» WHAT TO DO: The copy you return should hold only the lines from the top of the data below through the line with "Heinen: „Auch wenn", each duplicated exactly and with no pictures.

» INFORMATION SUPPLIED:

======

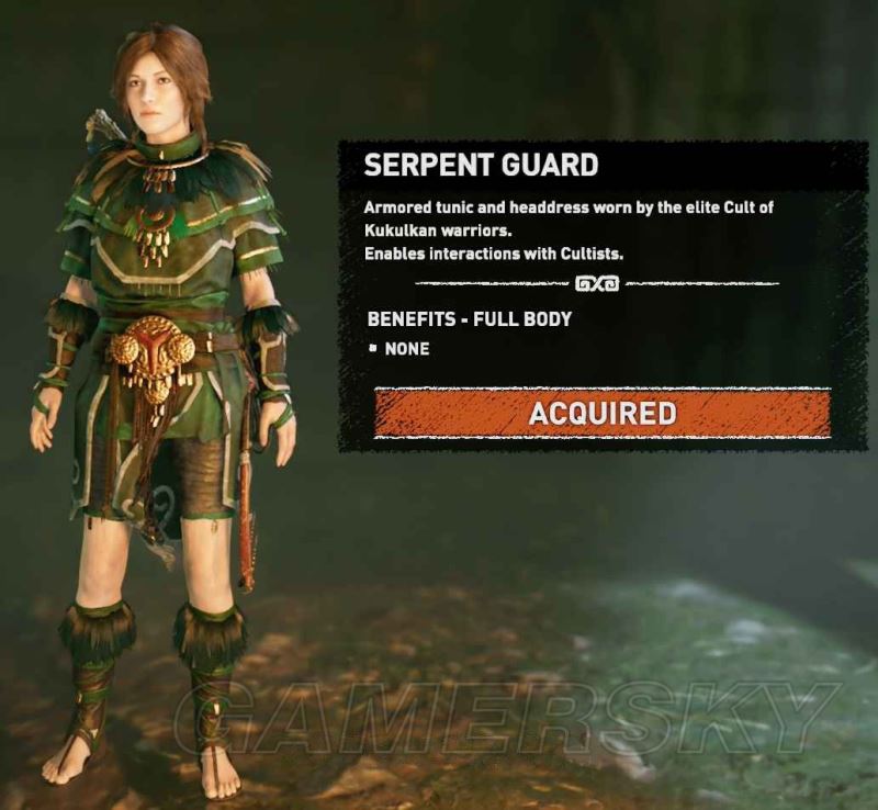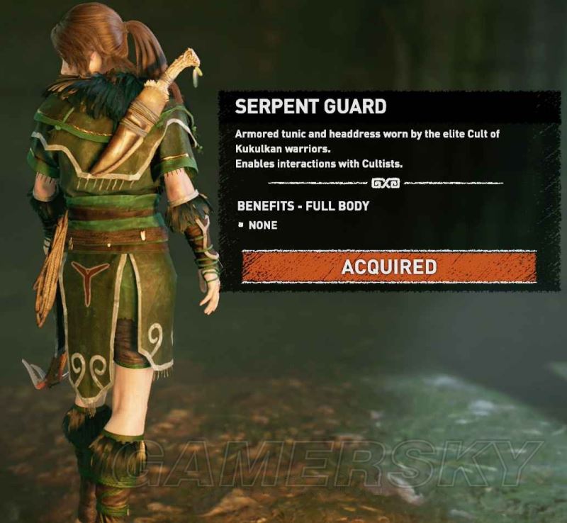 崇拜羽蛇神库库尔坎的精英战士们所穿的铠甲和头饰。穿上这件衣服可以与教徒互动。
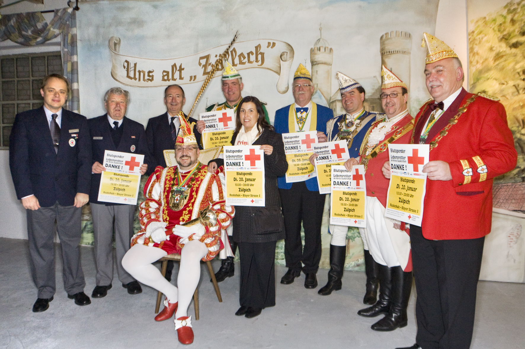Heinen: „Auch wenn gefeiert wird, gibt es Notoperationen, Unfälle, dringende Krebstherapien. Für all diese lebensbedrohlichen Fälle werden Blutkonserven benötigt.“ Mit der tatkräftigen Hilfe der Karnevalisten vertraut er darauf, möglichst viele Zülpicher für die Blutspende am 20. Januar zu mobilisieren. Denn immer wieder und gerade zu den Feiertagen und in der Urlaubszeit werden Blutkonserven knapp.
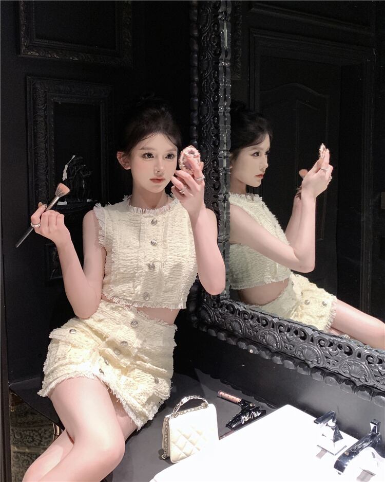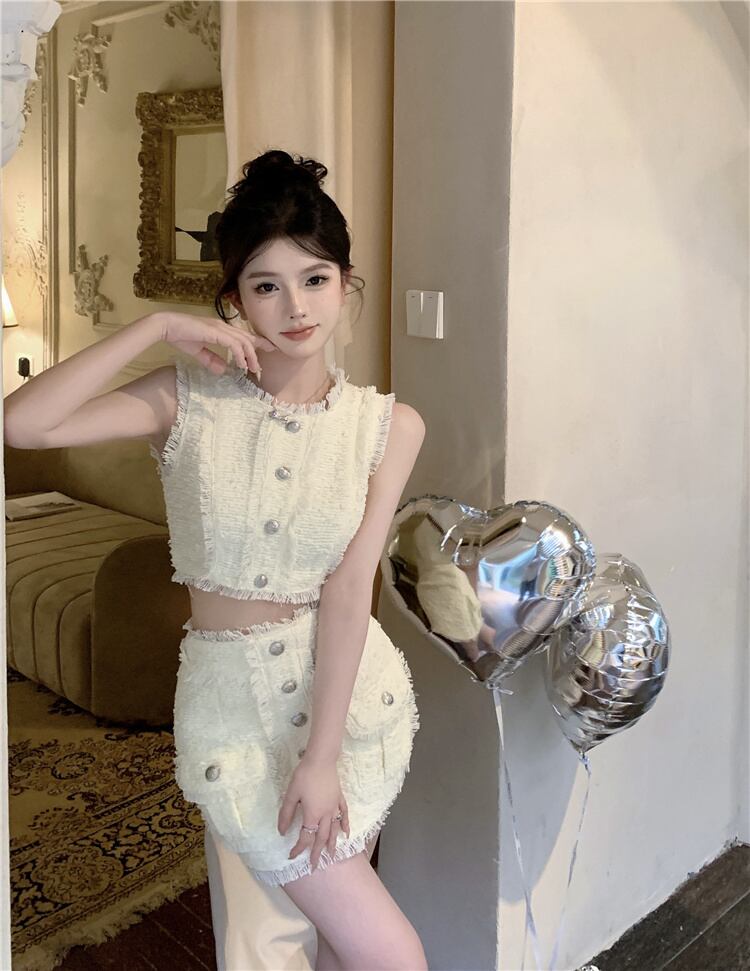 ストリートスモールフレグランスツイード 2 点セットクロップトップ + スカートセットフランスの高級夏ツーピーススーツ サマー 夏物
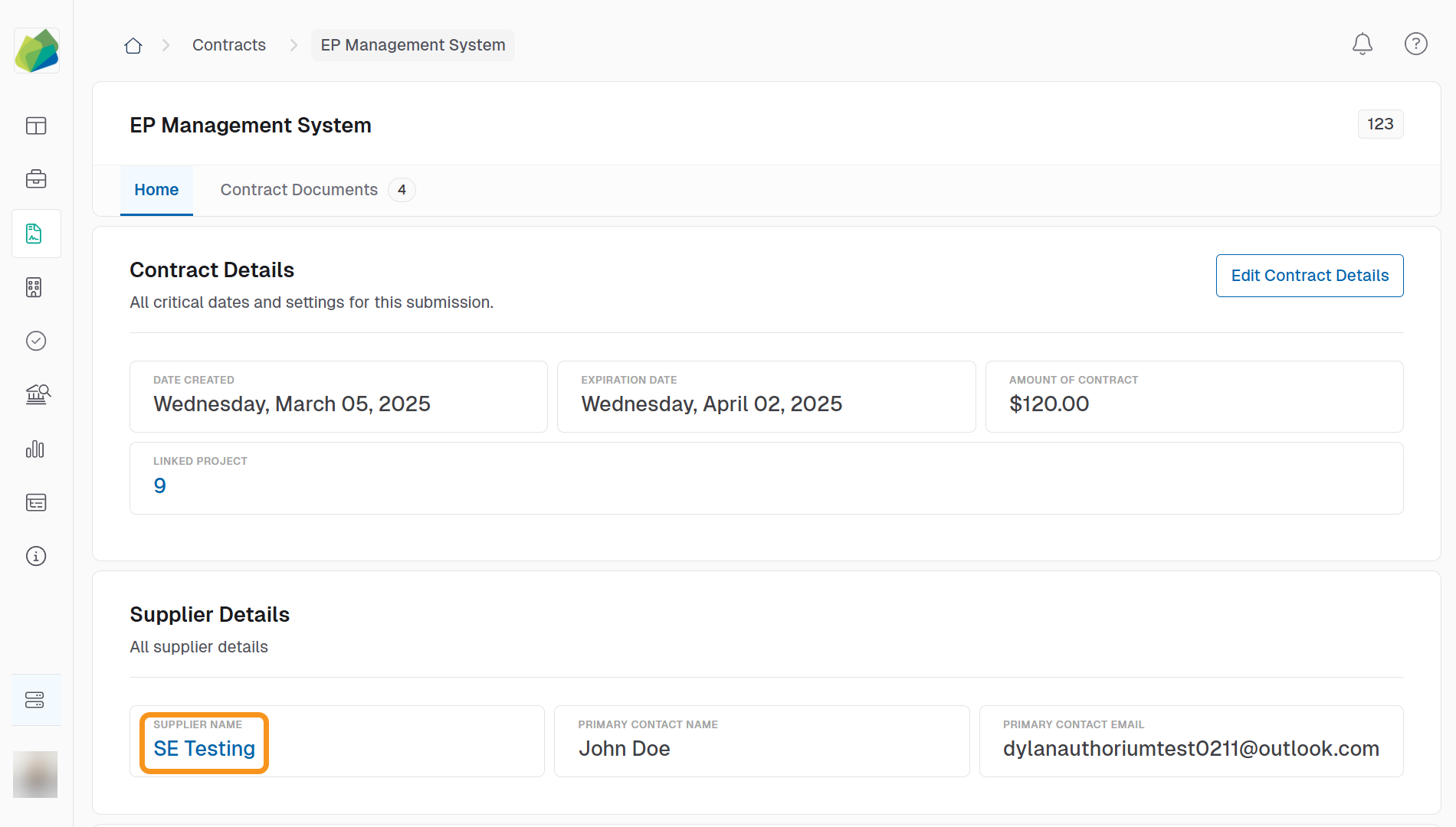 To view supplier details, click the supplier’s name from the Active Contracts list.

======

» RESPONSE BELOW:
 崇拜羽蛇神库库尔坎的精英战士们所穿的铠甲和头饰。穿上这件衣服可以与教徒互动。
Heinen: „Auch wenn gefeiert wird, gibt es Notoperationen, Unfälle, dringende Krebstherapien. Für all diese lebensbedrohlichen Fälle werden Blutkonserven benötigt.“ Mit der tatkräftigen Hilfe der Karnevalisten vertraut er darauf, möglichst viele Zülpicher für die Blutspende am 20. Januar zu mobilisieren. Denn immer wieder und gerade zu den Feiertagen und in der Urlaubszeit werden Blutkonserven knapp.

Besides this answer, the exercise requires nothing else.